Business, data and analytics strategies – connecting the dots or just collecting?

This is a guest blogpost by Michael Corcoran, senior vice president at Information Builders (

Speaking at our Information Builders‘ Summit, IDC Group vice president, Dan Vesset estimated that knowledge workers spend less than 20% of their time on data analysis. The rest of their time is taken up with finding, preparing and managing data, “An organisation plagued by the lack of relevant data, technology and processes, employing 1000 knowledge workers, wastes over $5.7 million annually searching for, but not finding information,” warned Vesset.

Vesset’s comments underline the fact that data must be business-ready before it can generate value through advanced analytics, predictive analytics, IoT, or artificial intelligence (AI).

As we’ve seen from numerous enterprise case studies, co-ordination of data and analytics strategies and resources is the key to generating return on analytics investments.

Building the case for aligning data and analytics strategies

As data sources become more abundant, it’s important for organisations to develop a clear data strategy, which lays out how data will be acquired, stored, cleansed, managed, secured, used and analysed, and the business impact of each stage in the data lifecycle.

Equally, organisations need a clear analytics strategy which clarifies the desired business outcomes.

Analytics strategy often follows four clear stages: starting with descriptive analytics; moving to diagnostic analytics; advancing to predictive analytics and ultimately to prescriptive analytics.

These two strategies must be aligned because the type of analytics required by the organisation will have a direct impact on data management aspects such as storage and latency requirements.

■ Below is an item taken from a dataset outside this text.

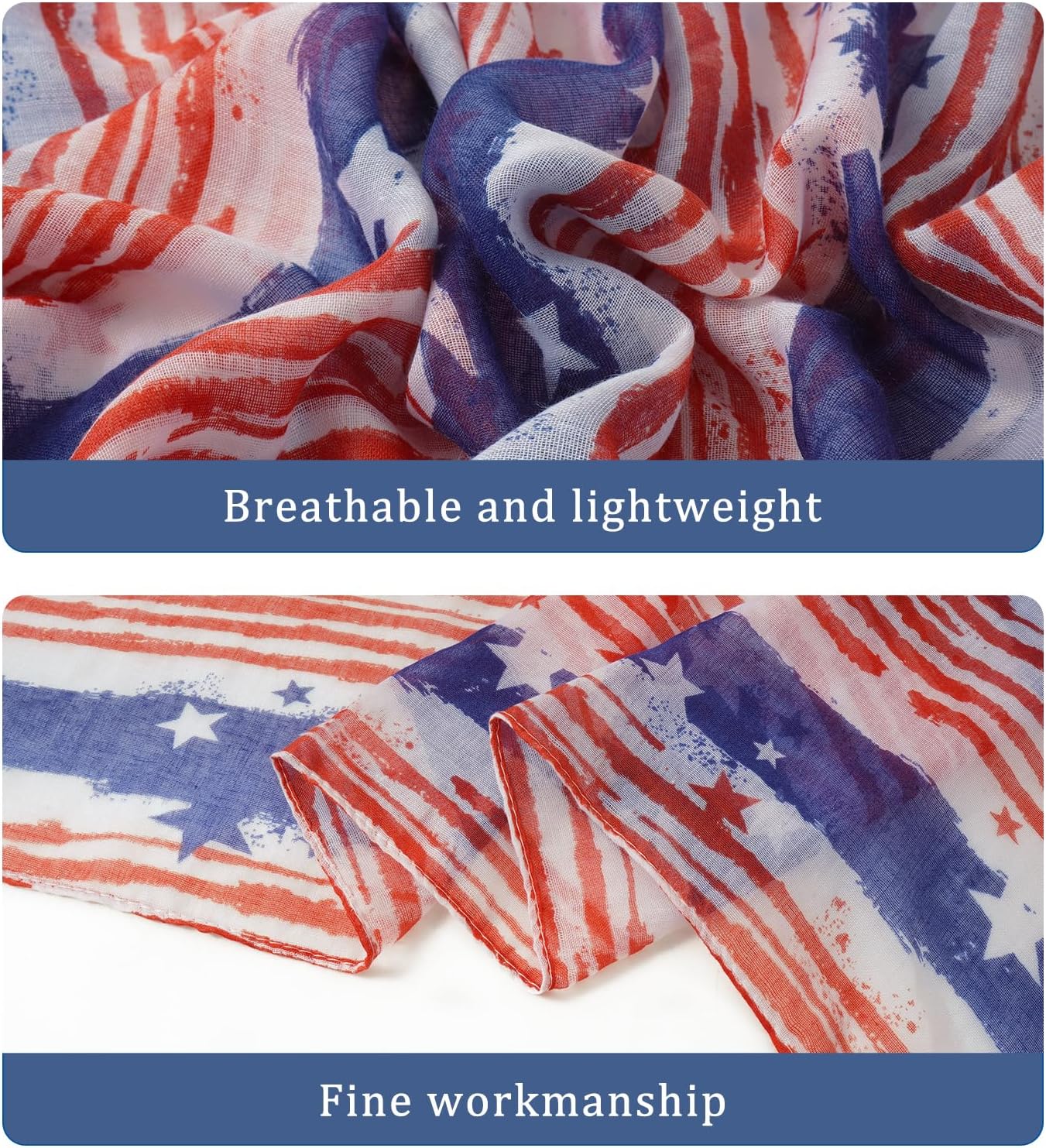 • Multipurpose:The 4th of july scarf for women can mix and match for any type of Coat,Jacket,Blouse,Sweater,Shirt and Dress. Long scarf can be hijab, knotted ,twisted,wrapped or doubled around neck, shoulders and head

For example, operational analytics and decision support will place a different load on the infrastructure to customer portal analytics, which must be able to scale to meet sudden spikes in demand.

If operational analytics and IoT are central to your analytics strategy, then integration of new data formats and real-time streaming and integration will need to be covered in your data strategy.

Similarly, if your organisation’s analytics strategy is to deliver insights directly to customers, then data quality will be a critical factor in your data strategy.

When the analytics workload is considered, the impact on the data strategy becomes clear. While a data lake project will serve your data scientists and back office analysts, your customers and supply chain managers may be left in the dark.

Putting business outcomes first

Over the past four decades, we have seen the majority of enterprise efforts devoted to back-office analytics and data science in order to deliver data-based insights to management teams.

However, the most effective analytics strategy is to deliver insights to the people who can use them to generate the biggest business benefits.

We typically observe faster time to value where the analytics strategy focuses on delivering insights directly to operational workers to support their decision-making; or to add value to the services provided to partners and customers.

How to align data and analytics strategies One proven approach is to look at business use cases for each stage in the analytics strategy. This might include descriptive management scorecards and dashboards; diagnostic back-office analytics and data science; operational analytics and decision support; M2M and IoT; AI; or portal analytics created to enhance the customer experience.

Identify all the goals and policies that must be included in your strategies. Create a framework to avoid gaps in data management so that the right data will be captured, harmonised and stored to allow it to be used effectively within the analytics strategy.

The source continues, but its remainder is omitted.